Connecticut high court to hear death penalty case

Gavel

HARTFORD, Conn. (AP) — The state Supreme Court has scheduled a rare summer special session to hear the death penalty appeal of Russell Peeler Jr., who ordered the 1999 killings of a woman and her 8-year-old son in Bridgeport.

The court was expected to hear Peeler’s case last month, but it wasn’t ready and had to be delayed, lawyers said. Justices occasionally hold special sessions when urgent issues arise and will hear Peeler’s case on June 30.

The fates of Peeler and the other 10 men on Connecticut’s death row hinge on a Supreme Court decision expected to be released soon in another case. The court is weighing whether the state’s 2012 repeal of the death penalty for future murders violates the constitutional rights of those still condemned to die and whether it should apply to them as well.

Peeler was sentenced to death in 2007 for ordering his brother to kill Karen Clarke and her son, Leroy “B.J.” Brown, who were shot to death in their home. The boy was expected to testify against Peeler in another murder case — the 1998 killing of Clarke’s boyfriend and Peeler’s drug-selling rival Rudolph Sneed Jr. In January, Peeler was sentenced to 105 years in prison for Sneed’s murder.

In a verdict that shocked prosecutors and the victims’ family, Peeler’s brother was acquitted of murder charges but convicted of conspiring to kill Clarke and her son. Adrian Peeler was sentenced to 20 years in prison.

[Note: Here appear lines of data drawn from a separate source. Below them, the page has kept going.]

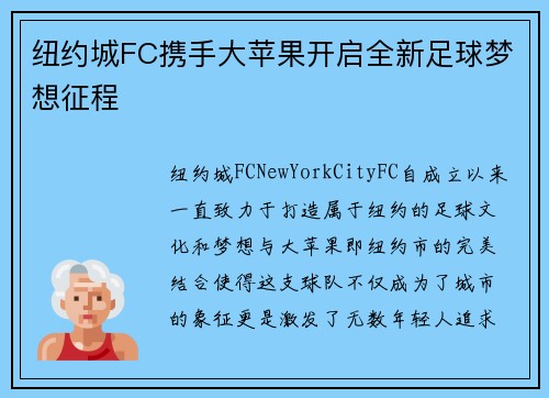 纽约城FC携手大苹果开启全新足球梦想征程
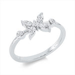 Ring 18 kt WG Schmetterling. 4 Navette 0.35 ct. TW-si. 3 Brillanten 0.06 ct. TW-si. H:14.0 mm. B:7.1 mm. Weite:54
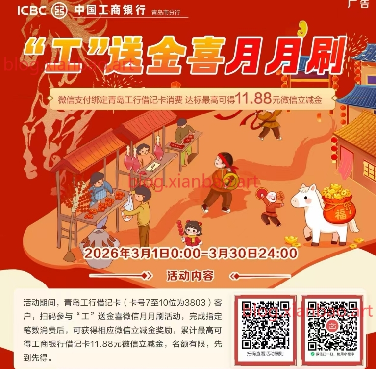 限青岛工行借记卡11.88立减金
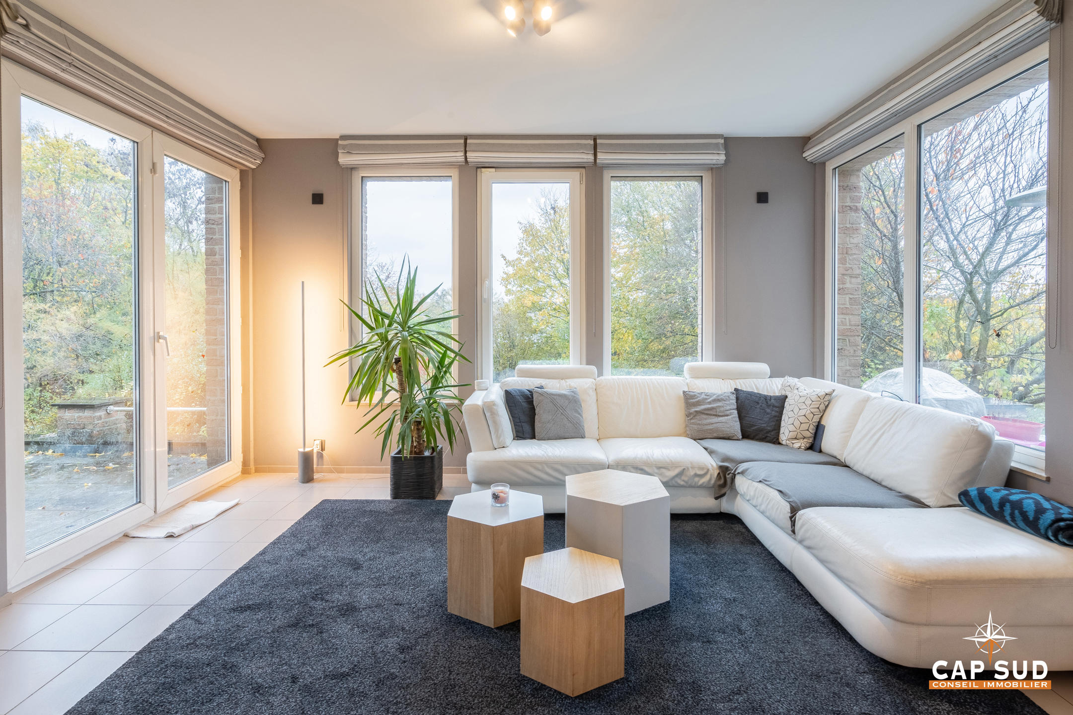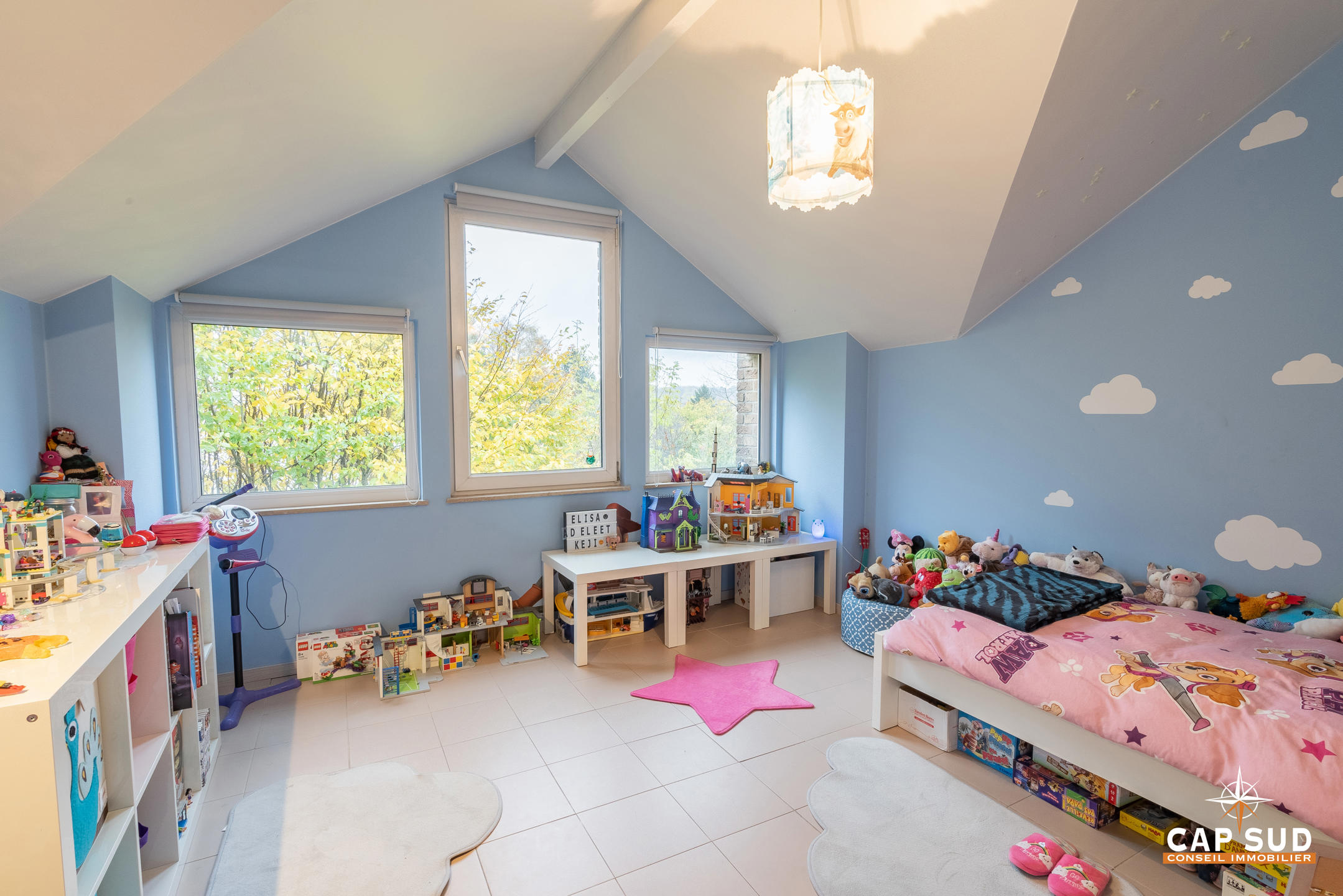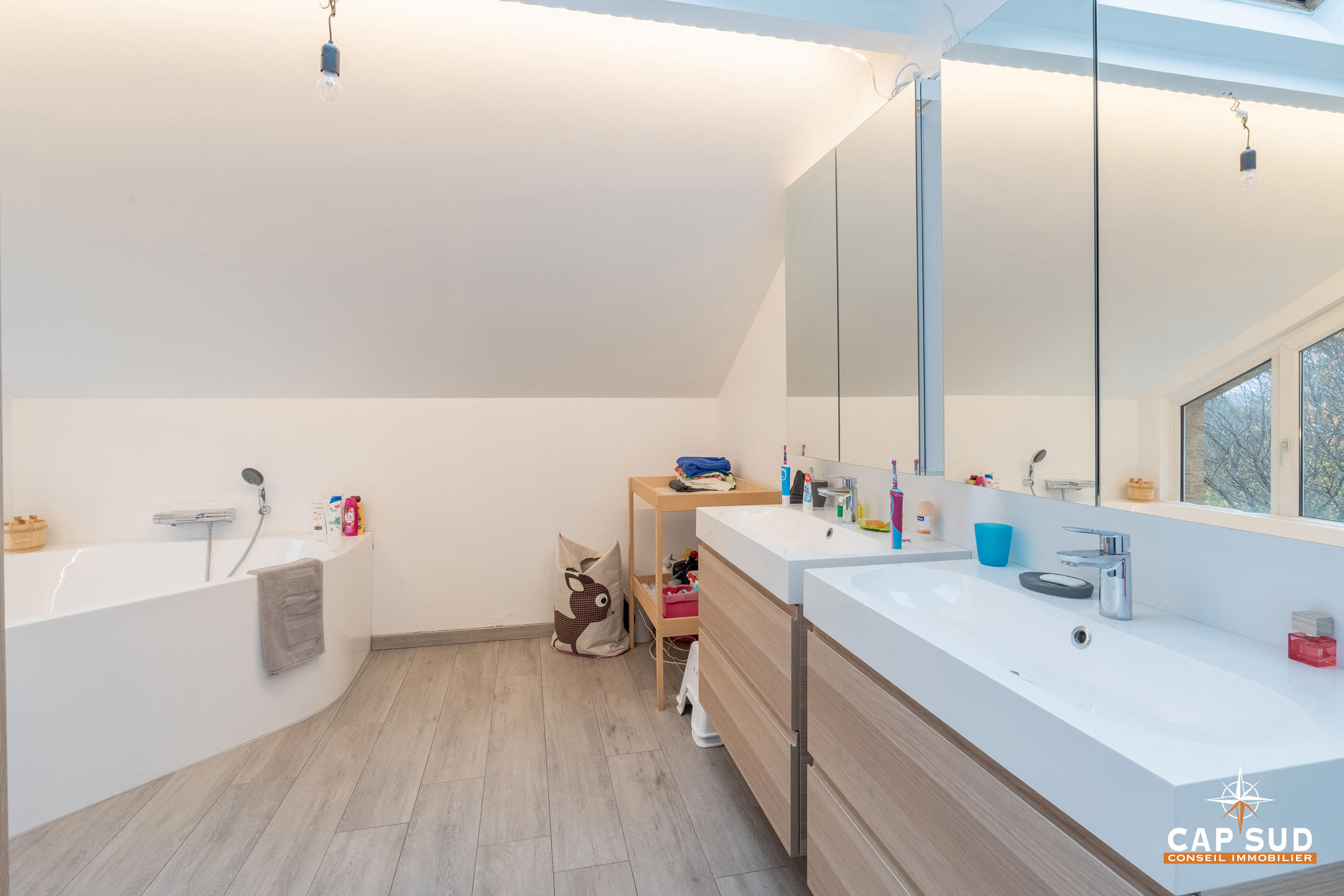 Wauthier-Braine, lumineuse villa de 225m2 habitables ( +-300m2 bruts), salon et SAM avec FO STUV, salon d’hiver, cuisine super-équipée avec coin à déjeuner, 5 chambres, 1 SDB, 1 SDD, 3 WC, buanderie, débarras, 2 garages, pièce pour cinéma, sport ou 6ème chambre, cave, vide ventilé, 2 espaces de rangement sous la maison de 20m2 chacun. Beau jardin arboré, 3 terrasses, chauffage gaz au sol(chaudière 2016), double vitrage PVC, cabane de jardin. RC: 2.022€, libre en fonction du propriétaire, PEB C 204kWh/m2/an réf: 20161124008134

Russell Peeler’s public defender, Mark Rademacher, has raised 33 issues in Peeler’s appeal to the state Supreme Court, including the 2012 death penalty repeal, the state’s rejection of three black people for the jury and alleged prosecutorial misconduct during closing arguments. Peeler is black.

Prosecutor Jonathan Benedict, now retired, told the jury that since Peeler had already been sentenced to life in prison in a federal drug case, giving him a life sentence in the killings of Clark and her son would “allow him two free murders with no punishment whatsoever.”

“There’s nothing worse that anyone could say during a penalty hearing that a life sentence insults the victims and the death penalty is the only meaningful sentence,” Rademacher said Thursday.

Prosecutor Marjorie Dauster declined to comment on the specifics of the appeal. But she wrote in court documents that all the defense arguments have no merit.